One of the biggest risks that could catalyze a correction would be if a corporate-unfriendly candidate gains momentum. We will be watching the results of Super Tuesday on March 3. So far, after the Iowa caucus and New Hampshire primary, Democratic presidential hopefuls Bernie Sanders and Pete Buttigieg are pretty close. We expect a risk-on scenario if the most market friendly candidate wins while we expect a risk-off scenario in the event that a non-market friendly candidate wins.
Hard Brexit
Despite the UK’s departure from the EU at the end of January 2020, there is still no certainty on a transition deal that would give the market more visibility out to 2021. It is difficult to forecast how Gilts would trade in the event that no UK-EU transitional trade deals were reached and if UK economic data weakened. Would there be a traditional risk off reaction, with lower yields in the short term—or would concerns about UK credit risks drive yields significantly higher for the medium term?
Political unrest
It is reasonable to assume that political risk will be a market issue again this year. Instability in Iran and the Middle East remains a risk as do North Korea’s potential nuclear capabilities. Social unrest in Latin America, particularly in Chile and Ecuador, remains a tail risk that could put pressure on oil prices and the bond market. Political rebellion and social unrest can also be seen in political upheaval in the Catalonia region of Spain and more recently in Hong Kong.
Significant fiscal policy
Momentum is toward more fiscal easing globally; over time this could drive yields higher, given greater bond supply and support for growth. We expect to see moderate fiscal easing in the eurozone, especially in Germany, with increased investment in the green sector. We could also see more fiscal spending in other areas of the EU, though it is currently uncoordinated and tentative. In the U.S., if the next president wins on a strong mandate with a majority in both houses of Congress, we could see another fiscal package implemented in 2021 that would likely give a boost to the U.S. economy. We also anticipate stronger fiscal support for growth in China, especially in the form of medical investment to contain the coronavirus epidemic.
EU political risk
Following the UK’s exit from the EU, the risk is that any other EU country could decide to take the same path; that raises the question of the likelihood of a potential eurozone breakup. In addition, market participants should closely monitor the risk that spreads on bonds of countries on Europe’s periphery could widen.
Climate risk
How to understand and measure climate risks on fixed income portfolios is evolving, but risks can be split broadly into physical and transition risks—meaning impacts on companies’ assets from adverse climate events—and risks from policy and consumer responses to climate change. For investors, factoring climate risks into fundamental credit analysis of various industrial sectors is critical. In 2020, it will be important to monitor closely any sectoral impacts from the European Green Deal set out in December 2019 and the subsequent European Climate Law expected to be passed in March.
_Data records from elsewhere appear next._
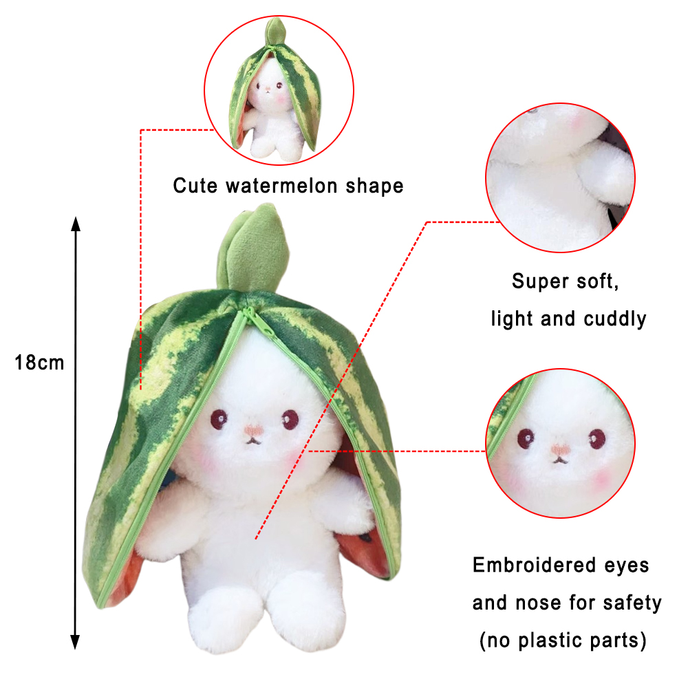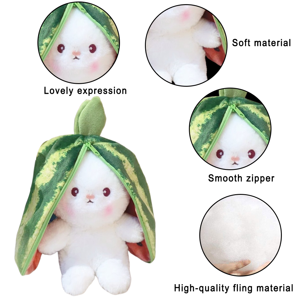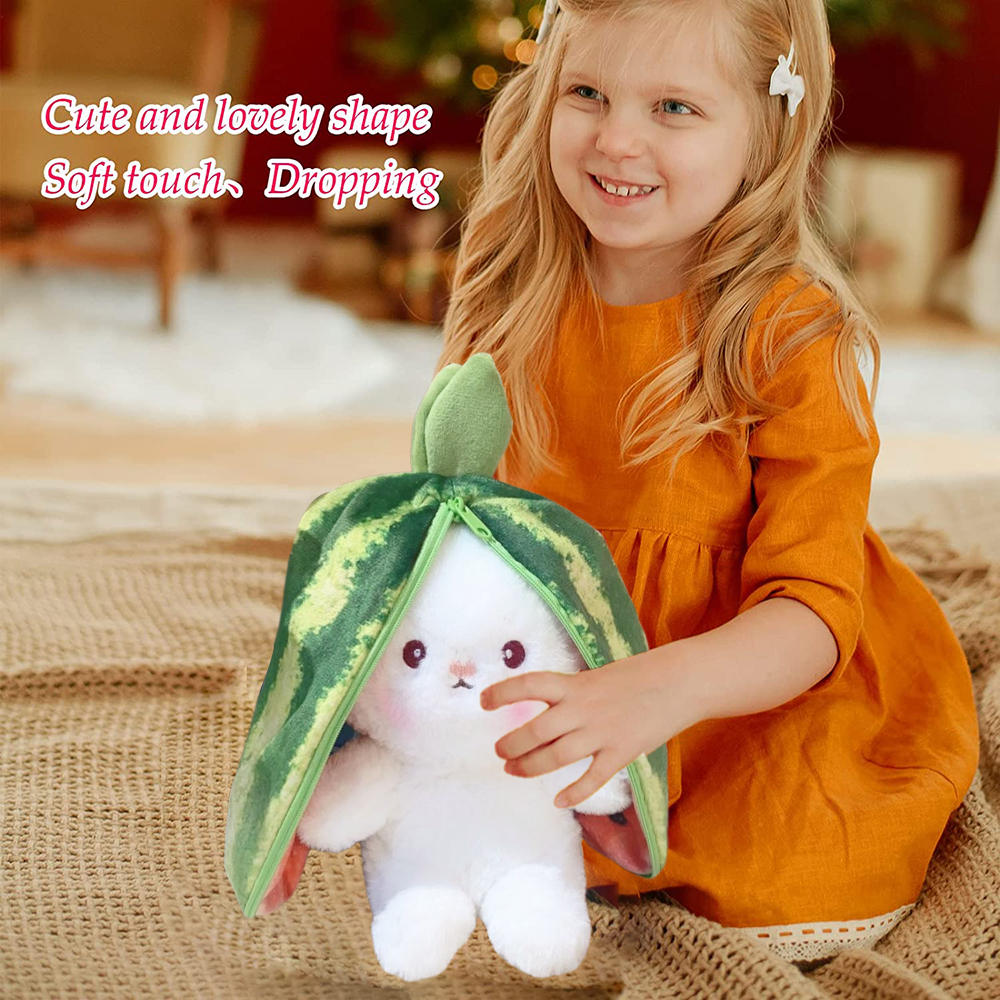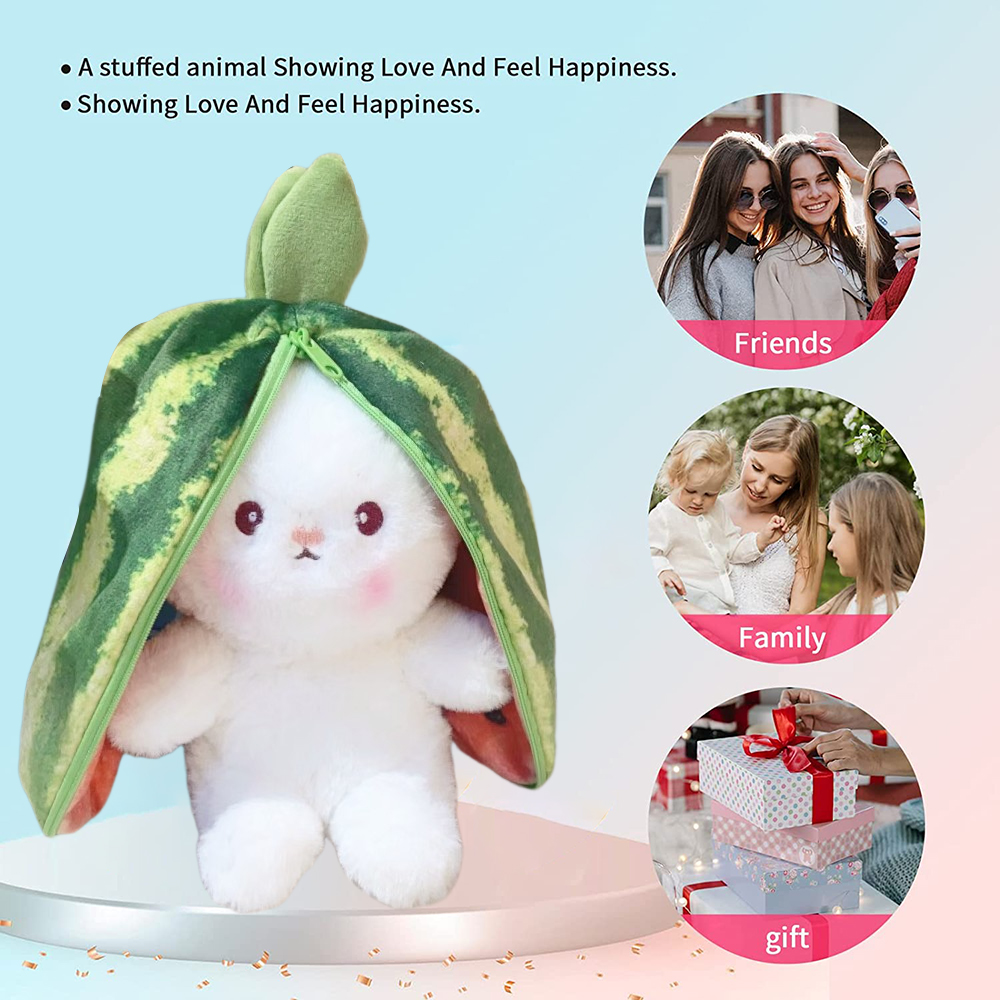 Sarzi Bunny Stuffed Animal ,Easter Bunny Toy Watermelon Plush with Zipper Easter Reversible Watermelon Bunny Bunny Toy Plush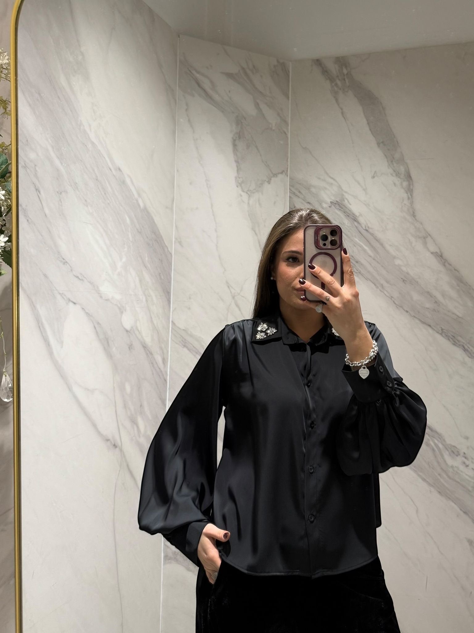 CAMICIA LE STREGHE CON CABUCON SUL COLLETTO E MANICA A PALLONCINO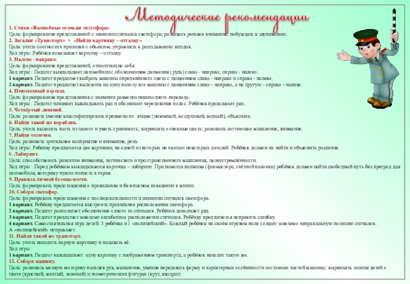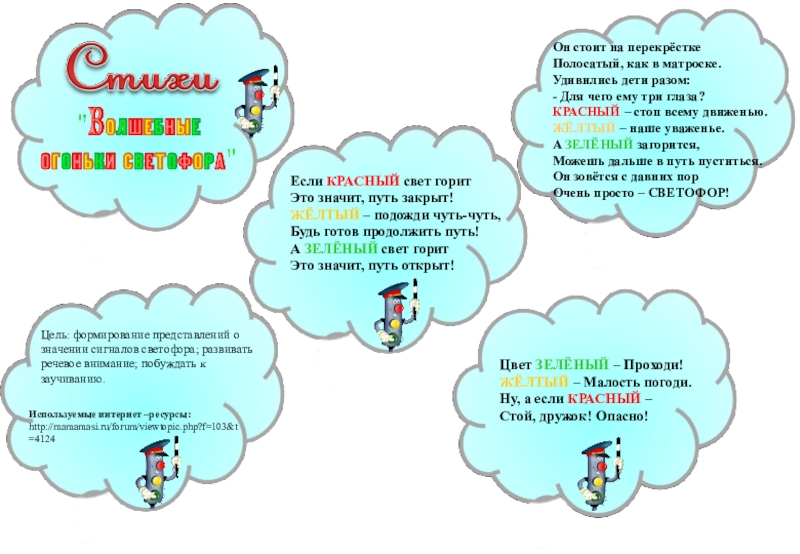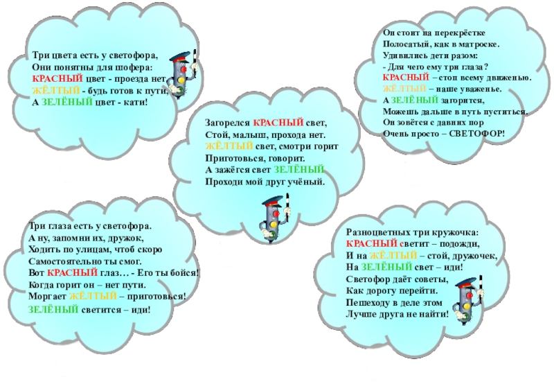 Цель: формирование представлений о значении сигналов светофора; развивать речевое внимание; побуждать к заучиванию.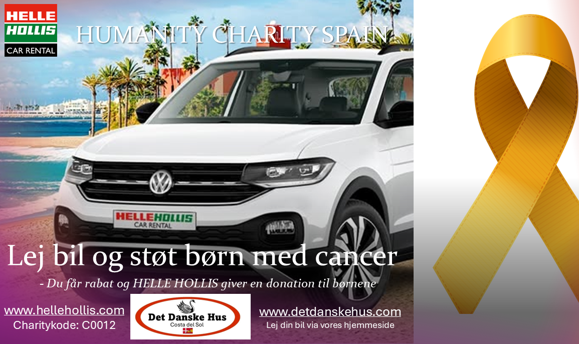 Det Danske Hus - Costa del Sol har en aftalen med HELLE HOLLIS - hvor du spare penge på billeje og HELLE HOLLIS giver en donation til børn med cancer - anvende kode: C0012 & få rabat.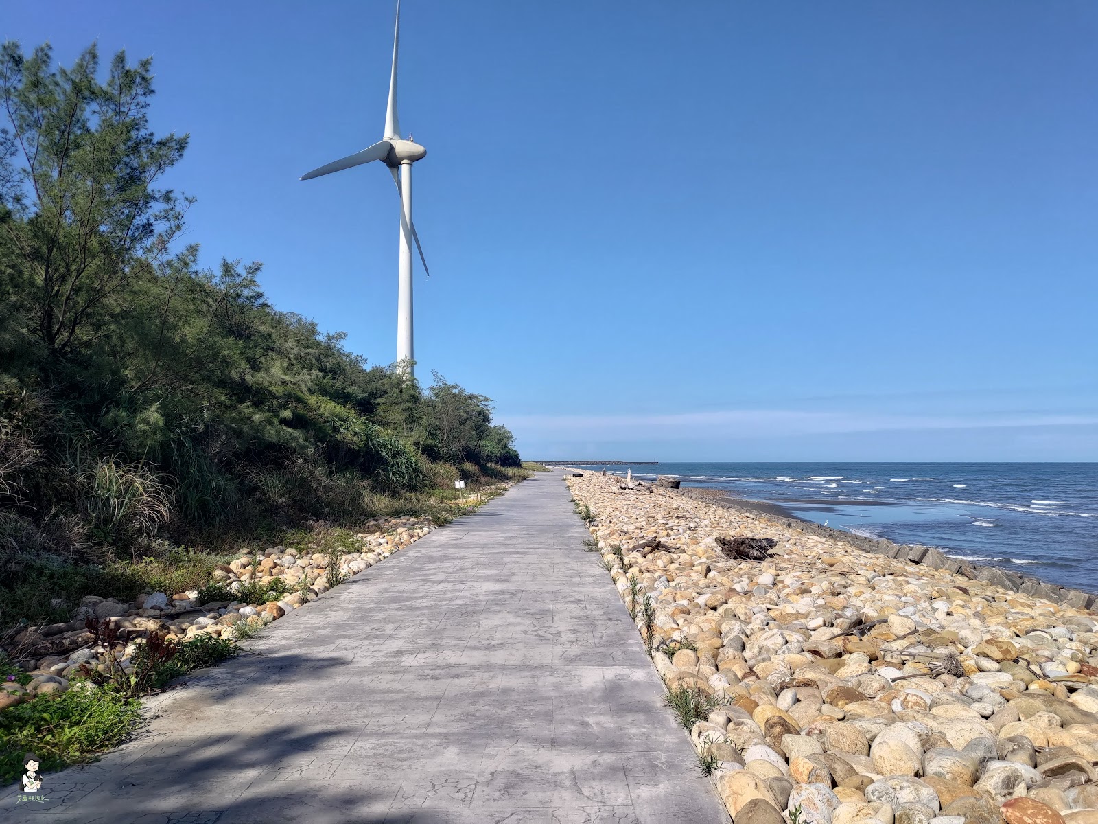 很棒的自行車道,綠蔭的比例有七成,腳踏車踩起來很舒服,車道狀況佳,地形也平坦,或在防風林內,或在海岸線旁,可串連一些大小漁港,邊騎邊欣賞海景。雖然有樹蔭,但建議夏天在清晨騎車,下午到黃昏會較多人。冬天應該會有強烈的季風。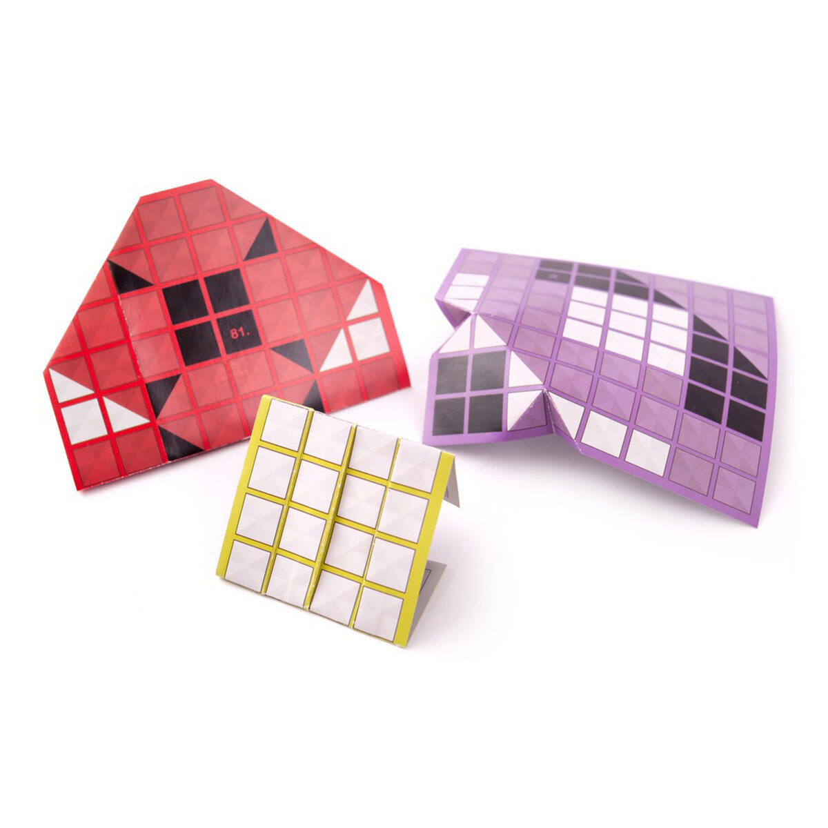 "Квадригами" – это не совсем игра, а скорее набор геометрических задач на логику и восприятие от французских разработчиков для всех почитателей японского искусства оригами. В коробке Вы найдёте 100 листов, которые и являются этими заданиями. Цель игры – свернуть страницы так, чтобы получился квадрат четыре на четыре клетки. Задача усложняется тем, что на одной стороне должны оказаться чёрные квадраты, а на другой – белые. Если задания окажутся слишком тяжёлыми, Вы всегда можете облегчить себе сборку оригами-головоломок, используя сетку сгибов на листках. Развивайте пространственное мышление и мелкую моторику рук вместе с "Квадригами".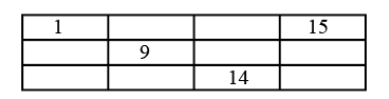Eight of the nine numbers \(2,3,4,5,7,10,11,12,13\) are to be placed in the empty cells of the \(3\times4\) array (with \(1,9,14,15\) already placed) so that the arithmetic average of the numbers in each row and each column is the same integer. Which one number must be left out?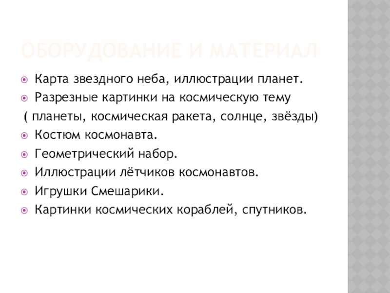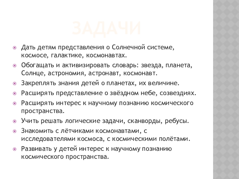 Дать детям представления о Солнечной системе, космосе, галактике, космонавтах.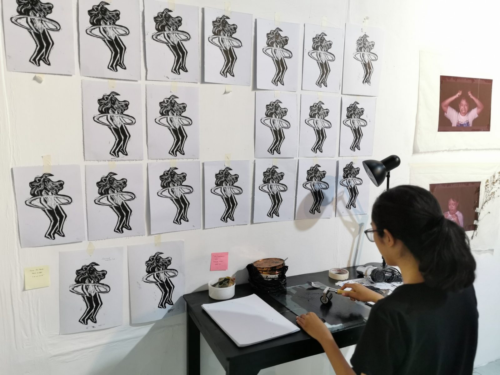 Dalam pameran ini, selain karya empat perupa muda itu, ada pula satu karya bersama yang mereka beri judul Ruang Catcalling. Karya instalasi ini disajikan di dalam ruang khusus seukuran kamar. Dinding tembok ruang tersebut ditempel potongan-potongan kertas bergambar bibir dalam beragam ekspresi. Ada bibir nganga dengan lidah sedikit terjulur, bibir tergigit gigi, hingga bibir menyungging senyum. Di sekitar potongan bibir itu tertempel kertas-kertas yang diisi pengunjung tentang pengalaman mereka melakukan atau mengalami pelecehan verbal.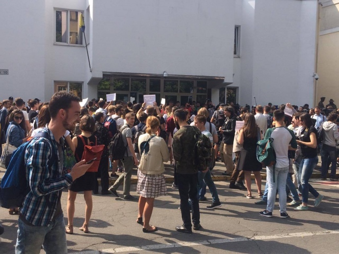 Прямо до дверей установи прикріпили банер "Хто вбив Павла?".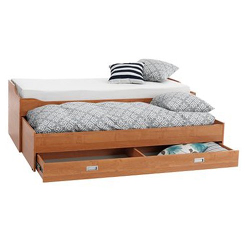 Praktičan krevet Meest od ukrasnog furnira u boji johe,sa dodatnim ležajem koji se lako izvlači pomoću točkića i tako stvara još jedno mesto za spavanje.. Za sve vrste dušeka. Sa podnicom, bez dušeka.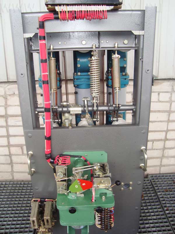 Выключатель выкатного исполнения ВМП-10К для ячеек КРУ-2-10 (три полюса на раме в сборе на выкатной тележке с приводом ПЭ-11, ПП-67).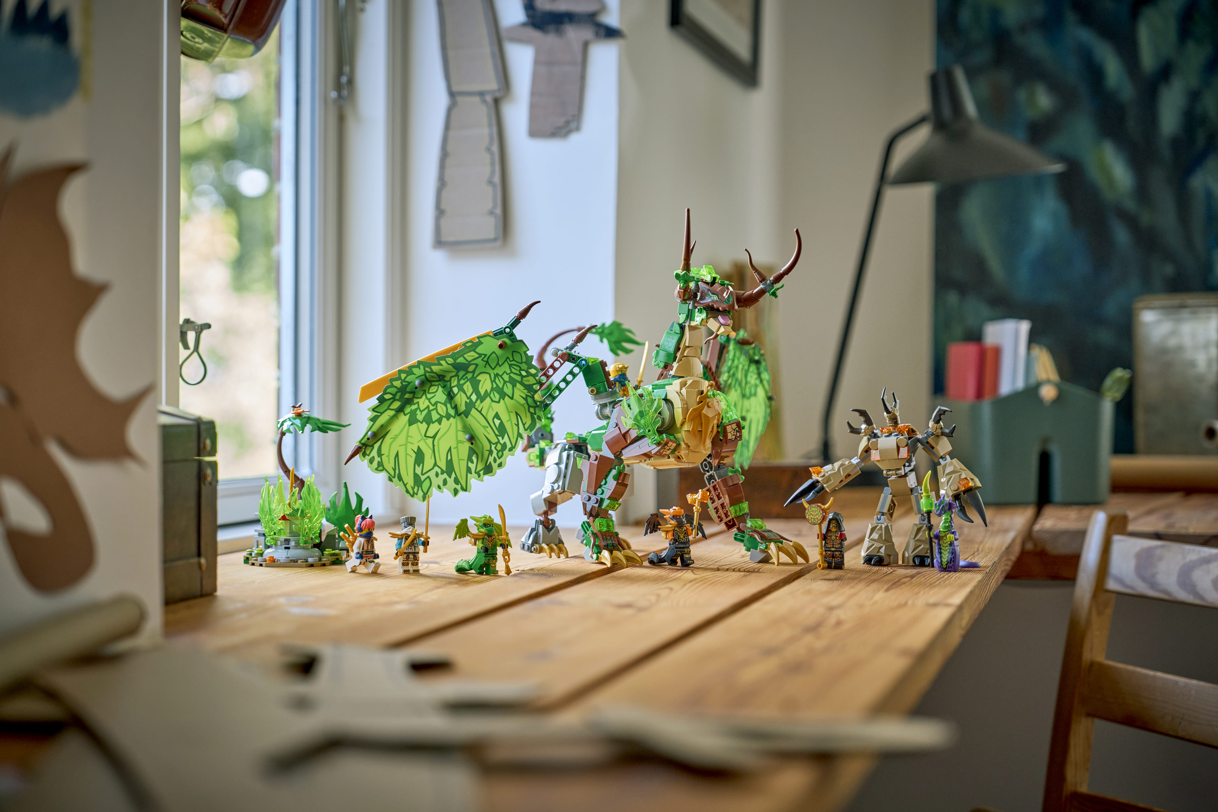 • ФІГУРКА-ДРАКОН З ПОСУДОМ – Зелений дракон може широко розправляти або складати крила, а також має рухому щелепу, голову, шию, ноги, щиколотки, кігті, хвіст та сідло для мініфігурки.
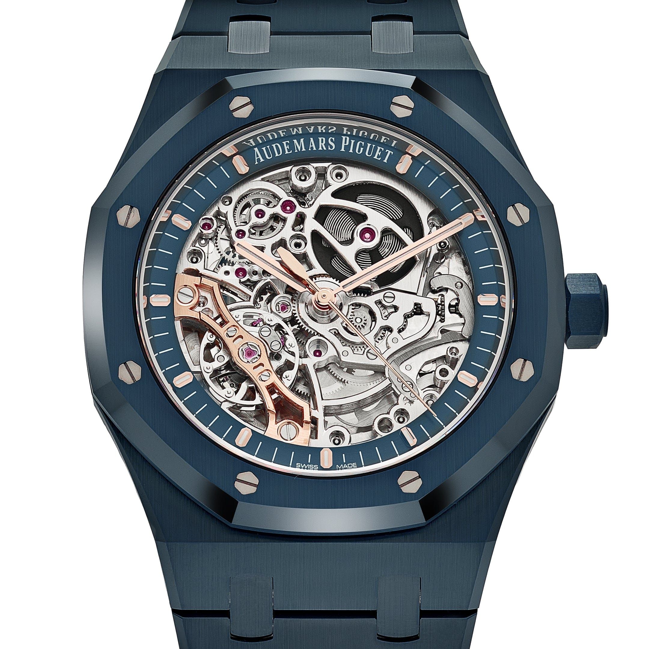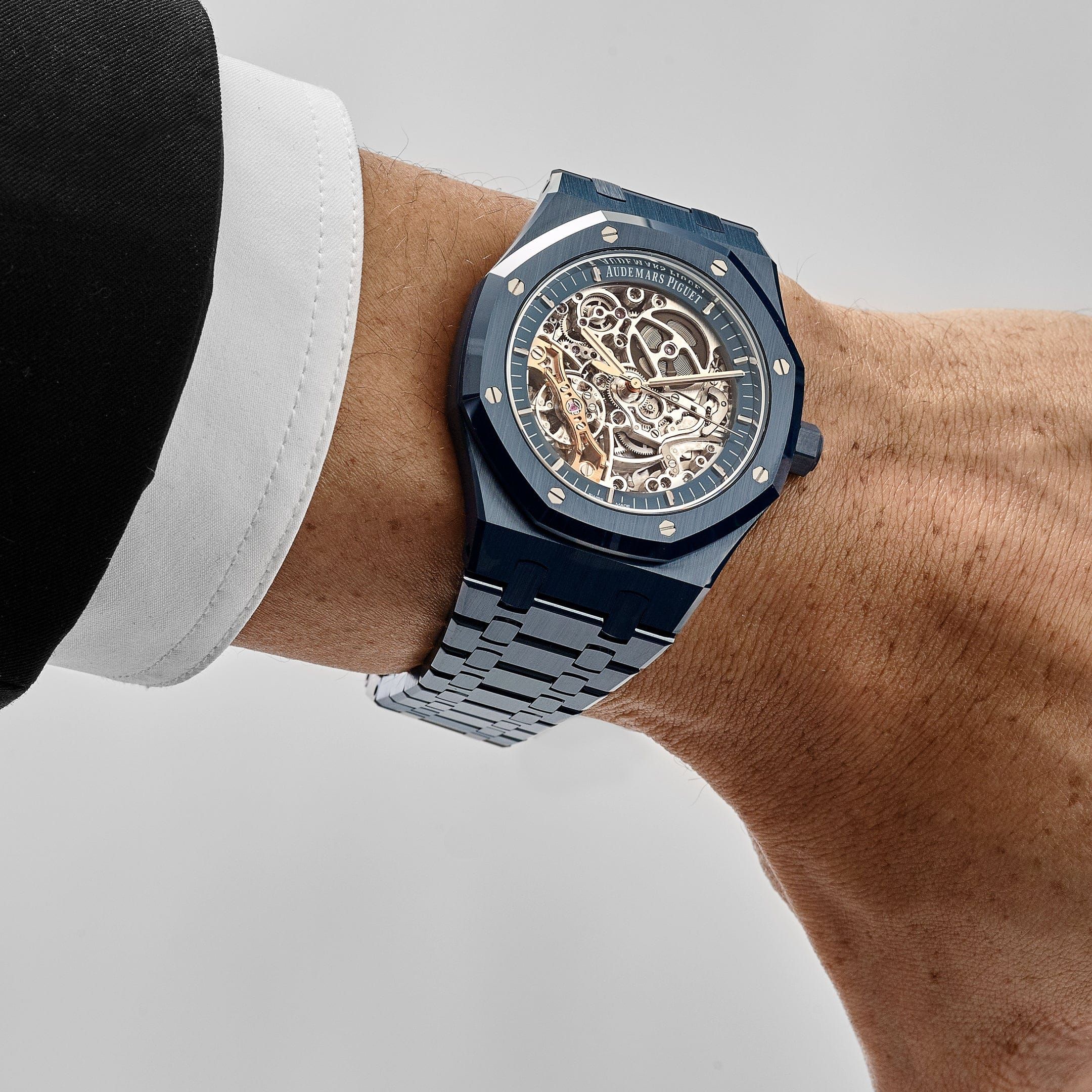 The dial reveals the ultra-modern Caliber 3132, showcasing the dual balance wheel mechanism, a patented innovation designed to improve precision and stability. Skeletonized and exquisitely hand-finished, the movement bridges are treated in complementary tones that contrast beautifully against the rich blue ceramic, emphasizing the depth and technical artistry of the watch. With its fusion of cutting-edge engineering, bold design, and high-complication craftsmanship, the 15416CD represents a monumental step forward in the evolution of the Royal Oak—crafted for collectors who demand both performance and presence at the highest level.

In evolving markets, it is important that client portfolios are stress-tested for a variety of outcomes and scenarios. We’ve highlighted some of the “known unknowns” that we are focusing on. There will be many views about their likelihood and impact. The table below shows our view of possible market reactions.
What is likely to be more challenging are the unknown unknowns. Should they come, we will be vigilant and ready to respond.